The police have left now, and she is trying to make sense of things. Isabella's roommate Franny has left too. Going home to Seattle, she told Lucy as she was throwing some bags into a cab. The girl's apartment is still sealed off with tape. She can't even get in there, and she owns the place. Lucy can't imagine there is anything left that the cops haven't taken with them. Including Isabella's computer. It won't be long before they read Lucy's contribution to the whole affair.

At least Lucy still has her computer. She scrolls through her newsfeeds. Everything is about Angelo. He is a big star now, under the big top of the media. Lucy clicks on a story that has a picture of her house in the background. She knows that if Angelo Lord wasn't tied to this, there wouldn't be a story at all. Just a missing girl. There would be the usual missing person alert notices, probably a bit more television coverage than usual because she is so cute. The news will feature a picture of a good-looking girl; she will likely get the spot at the top of the front page, above the masthead, where there is always room for a pretty face. She will be the pretty face behind the T.V. announcer's pretty face. At least Isabella has that going for her. Sucks if you are ugly, an immigrant, native American, or a dude.
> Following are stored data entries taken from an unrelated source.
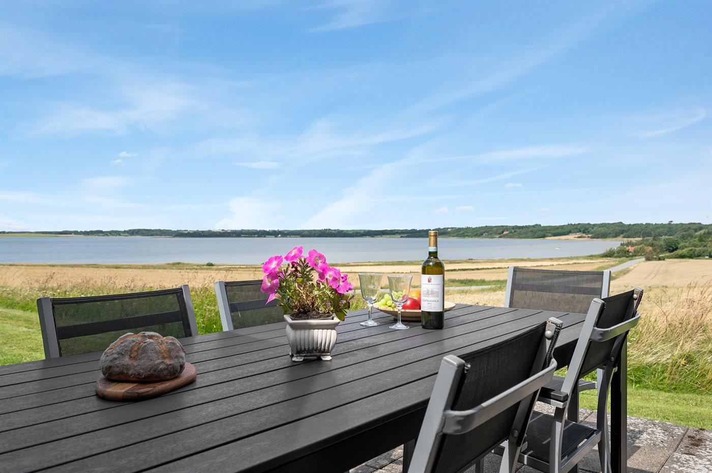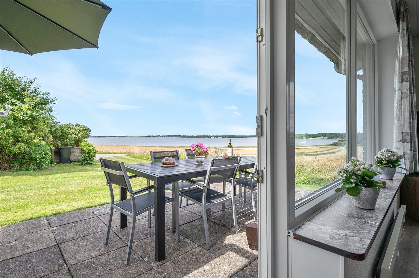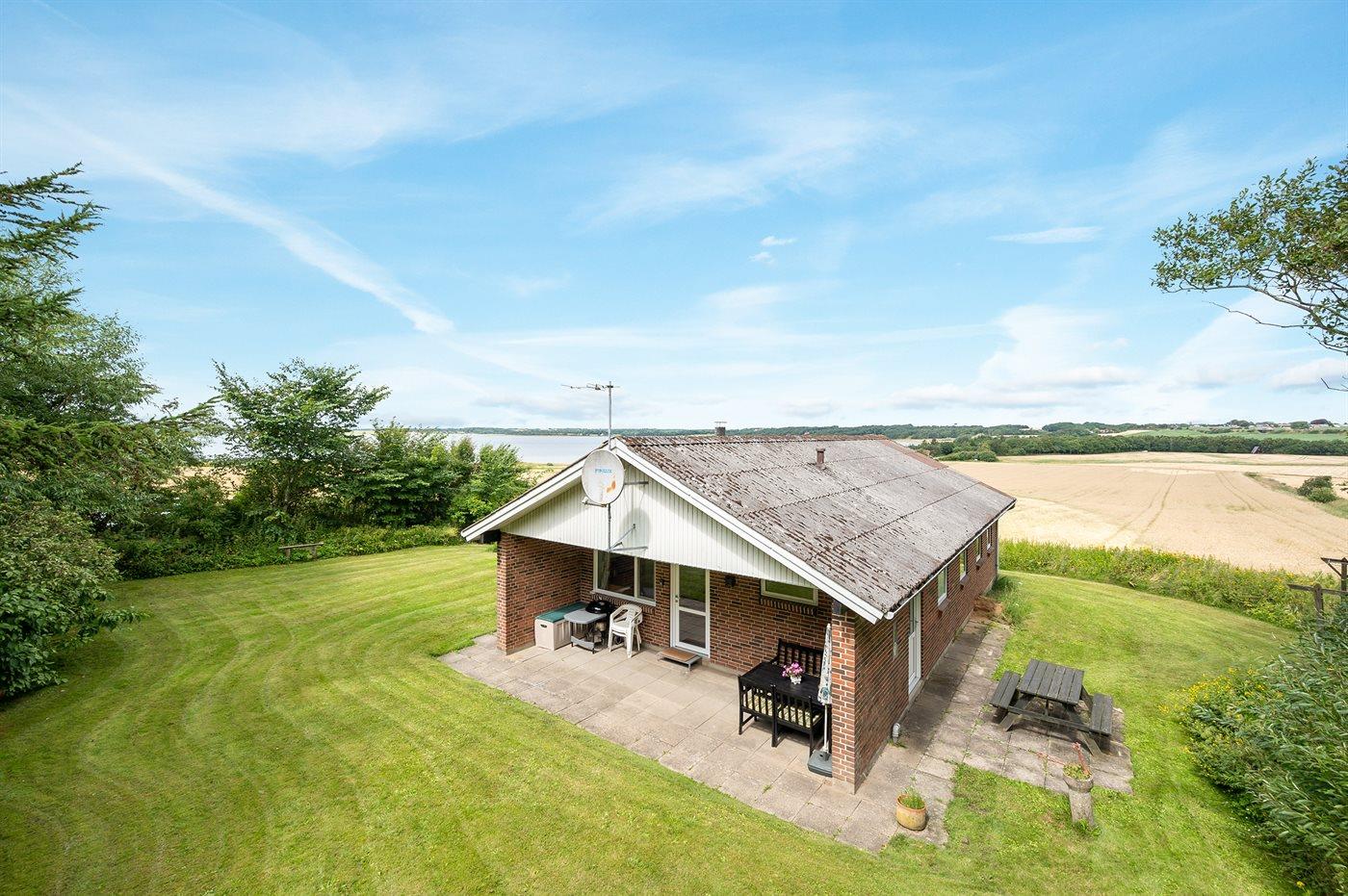 Idyllisches Ferienhaus in Roslev mit Blick auf die Bucht und kinderfreundlichem Strand.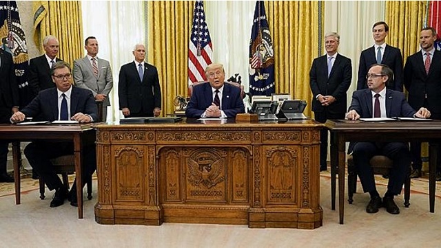 Birleşik Devletler Başkanı Donald Trump, Sırbistan Cumhurbaşkanı Aleksandar Vučić ve Kosova Başbakanı Avdullah Hoti ile birlikte Beyaz Ev’de düzenlenen basın konferansında, iki ülke arasındaki ekonomik ilişkilerin normalleşmesi konusunda anlaşıldığını açıklamıştır. Beyaz Ev’den yapılan açıklamaya göre bu tarihi bir başarıdır ve yeni iş alanları yaratma ile ekonomik büyüme üzerine odaklanılarak iki ülkenin anlaşması sağlanmıştır. Başkan Trump, kimsenin aklına dahi gelmeyen bu anlaşmanın imzalanmasının büyük bir atılım olduğunu ifade etmiştir.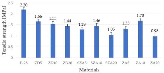 The tensile strength of the composite materials was characterized by lower values than the tensile strength of the silicone used as the F128 matrix (2.2 MPa). For composites with zinc dust filler, the tensile strength decreased upon increasing the amount of filler (ZD5—1.66 MPa, ZD10—1.55 MPa, and ZD—1.44 MPa). Similar trends were also observed for materials with hay and spread zinc ash. The samples with 5% filler had a lower tensile strength than the samples with 10% filler. For samples with 20% filler, a decrease in the tensile strength was observed. The SZA20 and ZA20 samples had the lowest tensile strength values of 1.05 and 0.98 MPa, respectively. For both groups, this is a decrease by more than half of the tensile strength.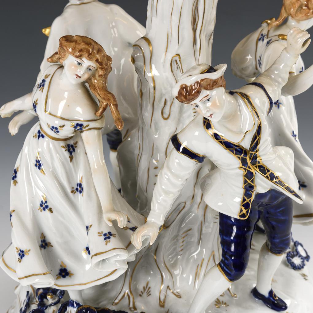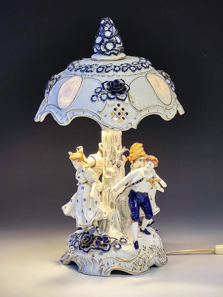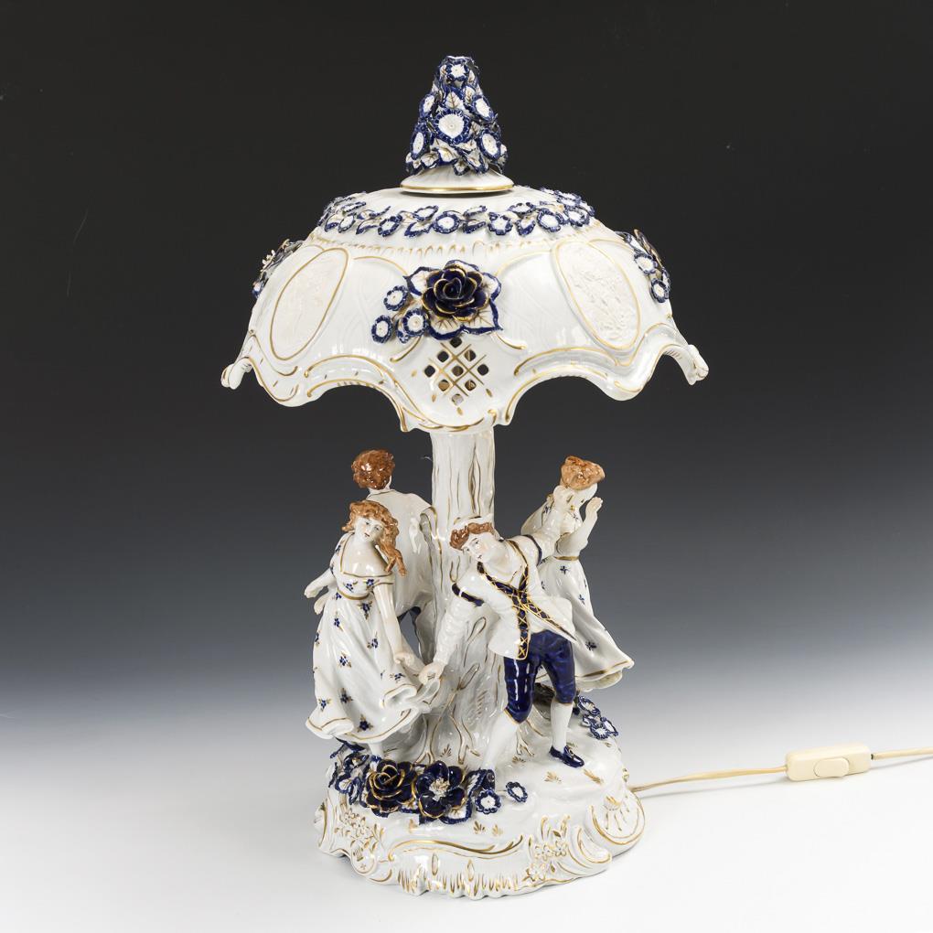 Zwei um einen Baumstamm als Schaft tanzende Paare, rocaillereliefierter, blütenbelegter Lampenschirm mit 4 Lithophaniebildern, blütenbelegter Rocaillefuß. Elektrifiziert (Funktion nicht geprüft). Partiell minimale Bestoßung am Belag.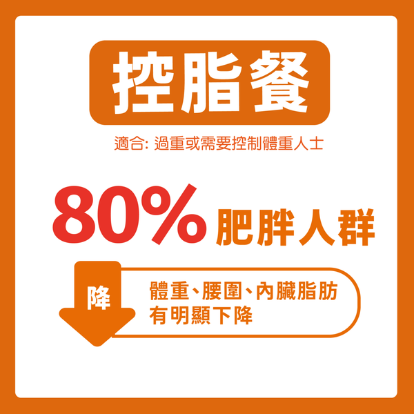 80% 肥胖患者,經過3個月低脂膳食管理後,體重、腰圍、內臟脂肪有明顯下降。以一位身高160cm,體重75kg的女/男性為例,能減去18-22公斤左右,若是男性則能減掉22-28公斤左右*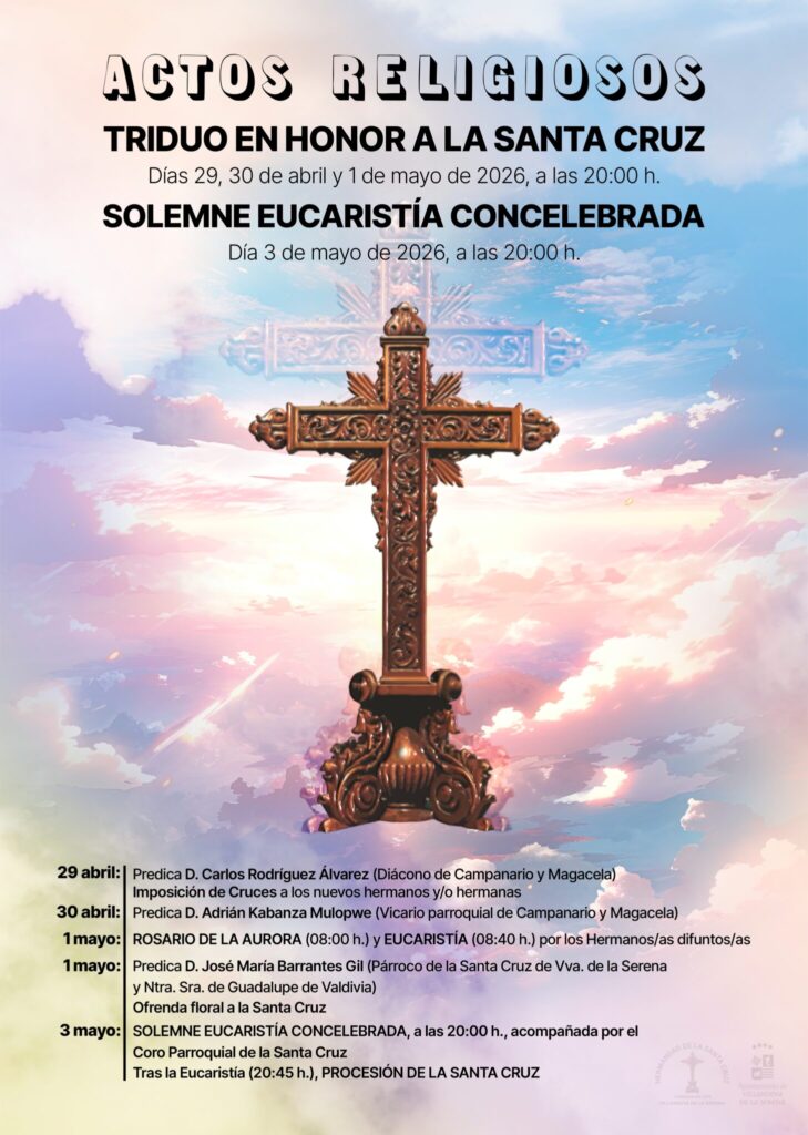 Loa actos religiosos también forman parte de esta programación, del 29 de abril al 1 de mayo se celebra el Triduo en el honor a la Santa Cruz, el 1 de mayo a las 8:00 será el rosario de la Aurora y posterior eucaristía, y el 3 de a las 20:00 tendrá lugar la eucaristía y  a las 20:45se celebrará la procesión de la Santa Cruz.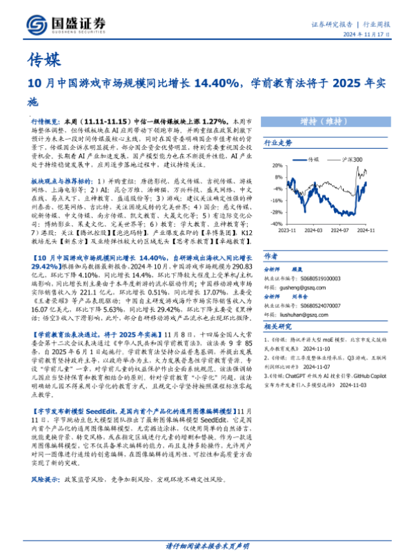 【国盛证券】【20241117】20241117-国盛证券-传媒行业周报:10月中国游戏市场规模同比增长14.40%,学前教育法将于2025年实施-10页 行业研究
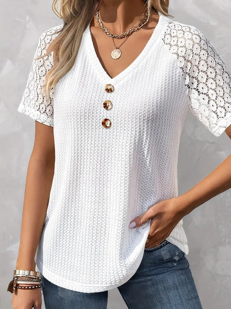 Blusa de manga curta elegante com decote em V sólido e renda frontal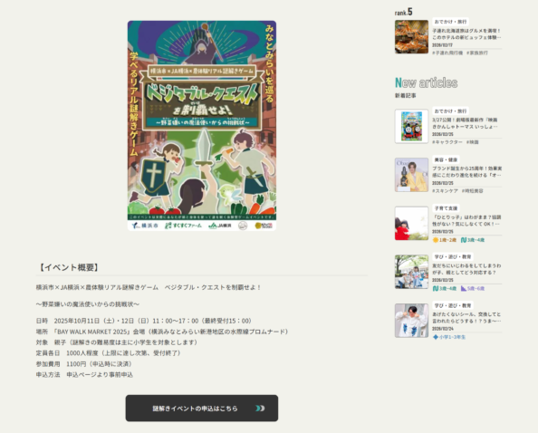 あんふぁん 様に「ベジタブル・クエストを制覇せよ!〜野菜嫌いの魔法使いからの挑戦状〜」が紹介されました。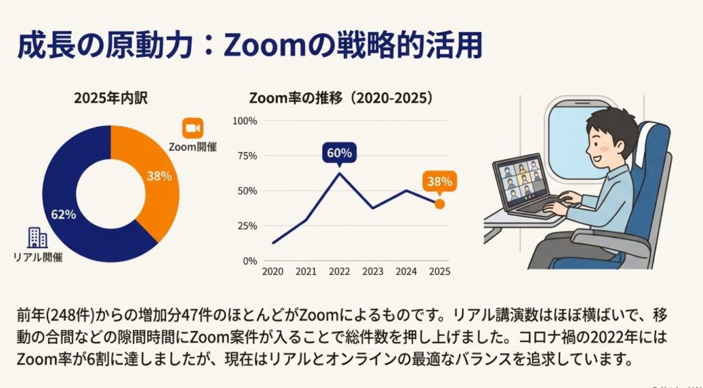 今年の特徴として、Zoom率が38%に上昇したことが挙げられます。リアル講演の回数はほぼ横ばいでしたが、その隙間時間にZoom講演を入れることで、全体の件数を大幅に増やすことができました。一方で、7月から12月にかけては毎日のように講演が入り、ブログ執筆や動画制作と並行しながらの活動は、正直なところ体力的にも精神的にも大変な日々でした。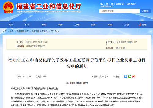 福日電子入選福建省第一批工業互聯網應用標桿企業名單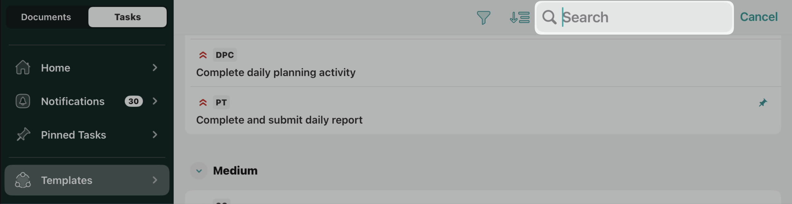 In the upper right corner of the Templates section, use the Search icon to locate the tasks you need to complete.

There is a live feed being broadcast on the local news channel. Lucy clicks to enlarge the frame to full screen. The scene is outside the police station. The woman reporter, the same one who tried to get Lucy to speak to her, is talking. Lucy turns up the audio.

"... is still inside. We anticipate that a spokesperson from the Mountain View Police will be making a statement soon. Sarah, we imagine that they may announce that Mr. Lord has been arrested, and will make a statement as to which charges they will indict Mr. Lord."

The camera moves to the side to pick up the movement of three men, walking quickly past the reporter. They are dressed in suits, have briefcases and look important as they shove through the crowd of cameras, microphones, smartphones and raised arms.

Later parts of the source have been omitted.